Ia segera berdiri dan mengajak Toni, yang berbaring di kakinya, ikut berdiri.
“Toni uda ngantuk?” ujar Stefanus sambil melihat anaknya. Toni mengangguk
sambil berjalan menuju papanya. Stefanus kemudian merangkulnya, membopongnya di
pangkuan. “Toni jangan benci teman-temannya Muslim ya? Ingat, Tuhan Yesus
menasehati kita untuk mengasihi mereka yang memusuhi dan membenci kita serta
mendoakan mereka. Termasuk mereka yang menentang berdirinya gereja kita.”
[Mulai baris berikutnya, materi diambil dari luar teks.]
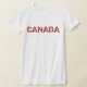 Le T-shirt de cette femme comporte le mot CANADA dans un texte sale. Le dos de la chemise comporte une petite feuille d'érable au dessus par l'encolure. C'est la chemise parfaite pour montrer votre fierté canadienne n'importe quand de l'année, particulièrement le jour du Canada !

Kembali Toni mengangguk. Stefanus kemudian memberi kecupan dan dengan ibu
jarinya ia membuat tanda salib kecil di dahi Toni. Toni kemudian berjalan
menuju ke kamar.
Di dalam kamar, Toni tidak langsung ke ranjangnya. Ia mampir sebentar ke
meja kecil di sudut kamar. Di sana ada patung Tuhan Yesus dan Bunda Maria. Toni
membuat tanda salib, melipat tangan dan berdoa. “Tuhan Yesus. Hari ini papa
sedang gusar karena izin pembangunan gereja belum kelar juga. Kami belum bisa
membangun rumah-Mu. Tapi kami tetap bisa berdoa kepada-Mu.
“Tuhan Yesus, bisa gak Tuhan bantu papa agar izin
pembangunan gereja keluar? Kalau nanti Tuhan ketemu Tuhannya Umar, cobalalah
Tuhan bicarakan masalah pembangunan gereja ini. Siapa tahu mereka yang selama
ini menentang akhirnya dapat berbaik hati.
“Udah dulu ya. Toni mau bobo. Jaga Toni, mama dan papa. Bunda, lindungilah
kami. Amin.”
Toni menuju ke ranjangnya dan tidur.